The great English mathematician G.H. Hardy, speaking of his Indian protégé Ramanujan (see post 25) once quoted to his colleague Littlewood that “every integer was his [Ramanujan’s] personal friend”. “I like that,” said Littlewood “I wonder who said it?” “You did,” said Hardy.
Littlewood tells this story against himself in the wonderful autobiographical “Littlewood’s Miscellany” – a key reference for anyone who wants to understand how mathematicians think, even if half of it is incomprehensible to anyone without a degree in pure mathematics.
But for most of us, just catching on to how numbers behave would be a good start. Mathematician and stand-up comedian Matt Parker now offers a helping hand with an app called a polygonal number calculator (http://makeanddo4d.com/polygonal-number-calculator/). It allows the user to visualize numbers geometrically, and to follow how they interact and connect with each other in a variety of ways. It’s great fun, and for many people (especially those who learn best through visual imagery) it may provide a new and helpful way to think about numbers.

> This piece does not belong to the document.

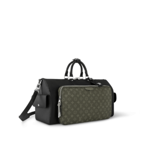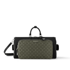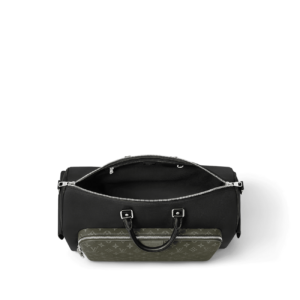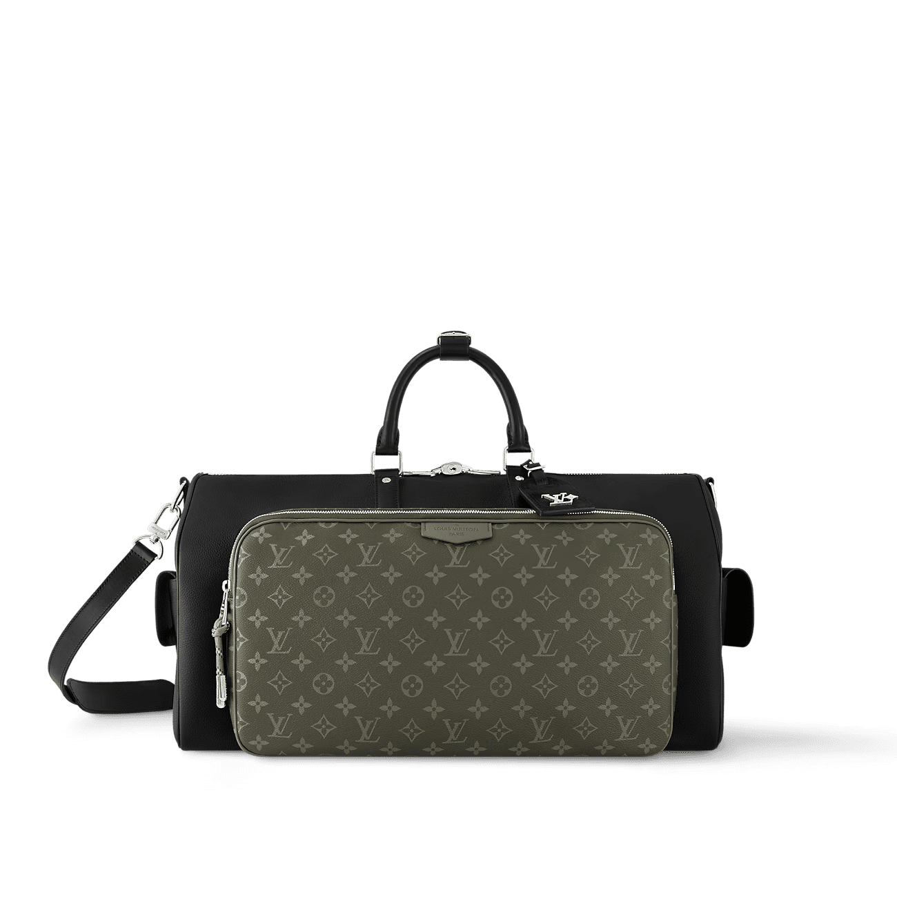 Part of the LV Park collection, the iconic silhouette of the Keepall Bandoulière 50 is reimagined with outside pockets that bring versatility. Made from Monogram coated canvas, the zipped side pocket perfectly complements the grained black leather of the bag, creating a patchwork feel. It features a removable LV Lovers name tag in suede.

It’s not the first attempt to relate arithmetic, algebra and geometry – in fact, this is one of the major aims of modern mathematics, as Simon Singh marvelously reveals in Fermat’s Last Theorem. Going back further, someone (history uncertain: http://math.stackexchange.com/questions/886177/where-does-the-visual-multiplication-technique-originate-from) hundreds of years ago came up with a neat geometric method of multiplication. Briefly (as in the image above) draw a series of lines sloping upwards to the right to represent the first number, then a series crossing the first set and sloping downwards to the right to represent the second number. After that, it simply a matter of counting the crossing points.
If you want to learn about it in detail, here is a really good video: https://www.youtube.com/watch?v=0SZw8jpfAk0.
Now (if you are keen) it’s over to you to work out why it works!